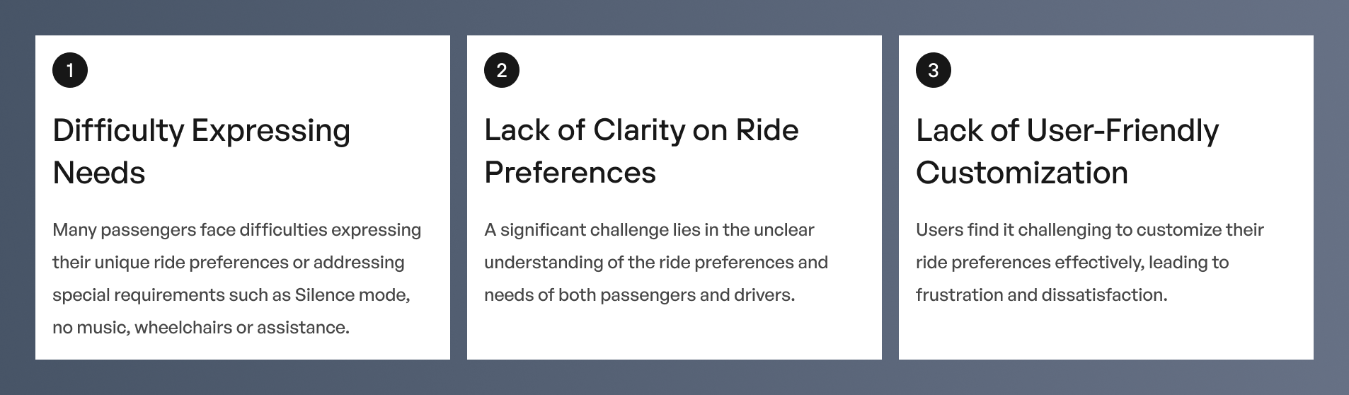 We set out to systematically address the core needs of our passengers and drivers, ensuring our approach tackled both the immediate challenges and the overarching goal of a more enjoyable ride experience.
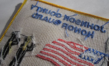 | Woven patches are made of thread only, stitched in a continuous design and achieve finer detail in both the design and text of the patch. This results in a patch that has a smooth appearance with no raised texture. | |
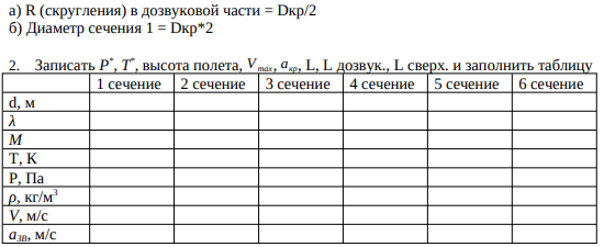 Показать/скрыть дополнительное описаниеСпроектировать с помощью ГДФ сопло Лаваля на заданные параметры. Необходимо определить vMAX, aKP и получить в 6 сечениях значения T, P, , v, a, , М. Затем рассчитать полученное сопло на 2 нерасчетных режимах течения (вторая часть) (для высоты выше расчётной на 10 км и для высоты 100 м). Графики выполнять под чертежом сопла..
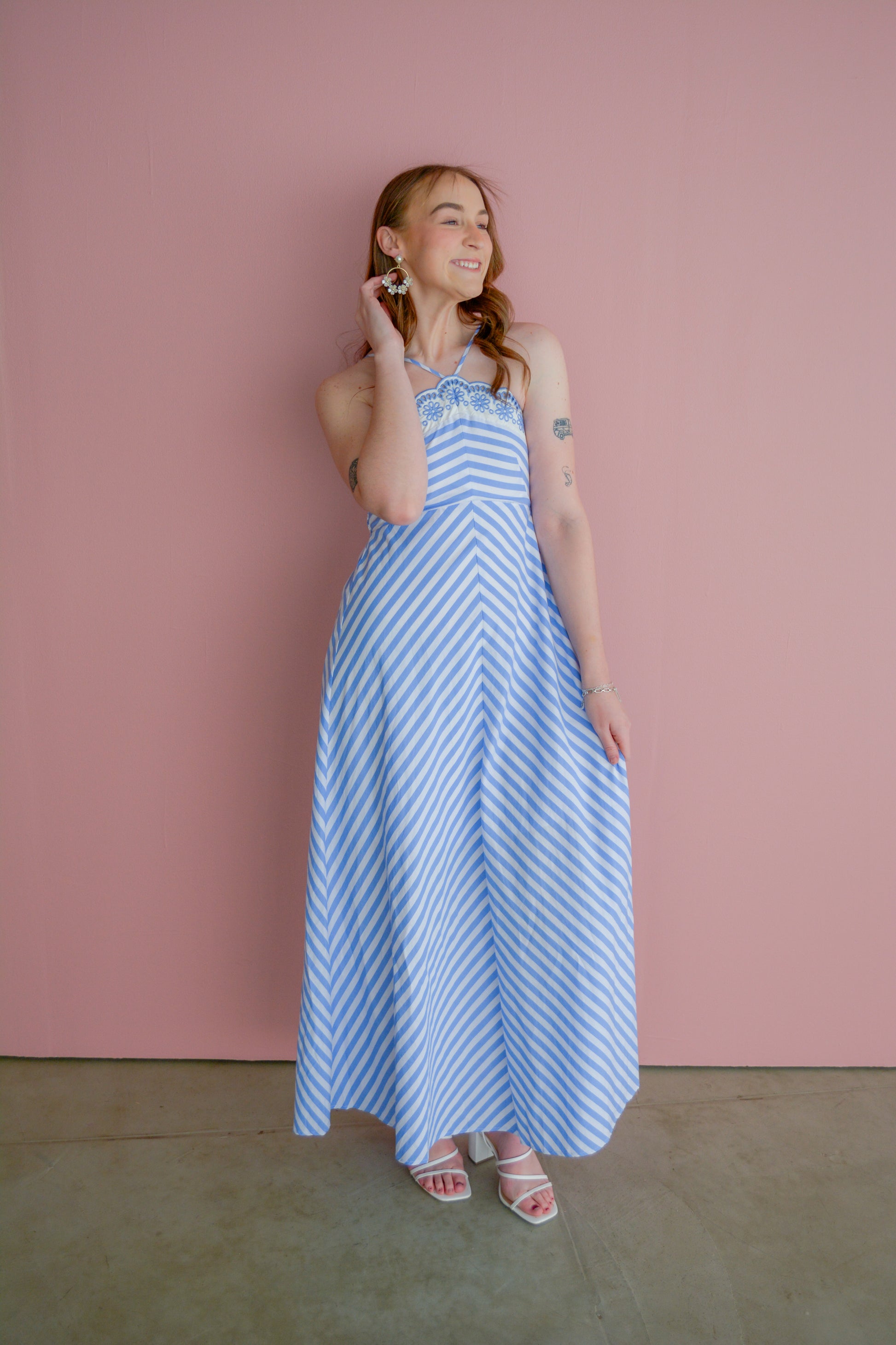 Perfect for shoppers searching for striped maxi dresses, resortwear dresses for women, vacation maxi dresses, coastal chic outfits, and halter neck summer dresses.
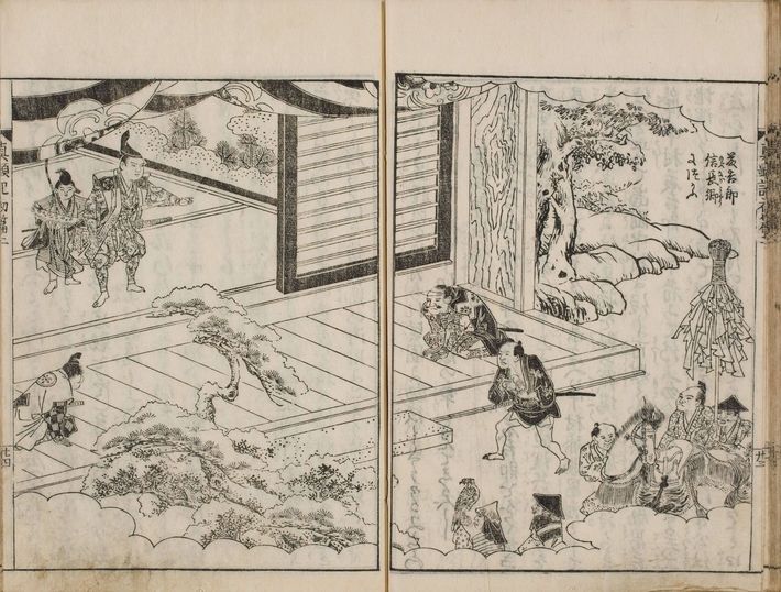 『絵本太功記』に描かれた信長の草履を温める逸話。国文学研究資料館所蔵(出典=国書データベース)
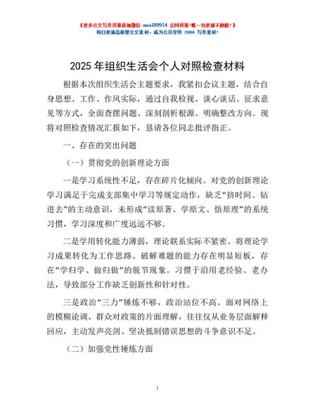 / 2025年组织生活会个人对照检查材料

◆ ◆ ◆ ◆

* _Activity_: In the answer, give only the lines from the one containing "Perfect for shoppers" through the end of the records above, each reproduced exactly. Include no pictures.

* _Response to this task_:
 Perfect for shoppers searching for striped maxi dresses, resortwear dresses for women, vacation maxi dresses, coastal chic outfits, and halter neck summer dresses.
 『絵本太功記』に描かれた信長の草履を温める逸話。国文学研究資料館所蔵(出典=国書データベース)
 / 2025年组织生活会个人对照检查材料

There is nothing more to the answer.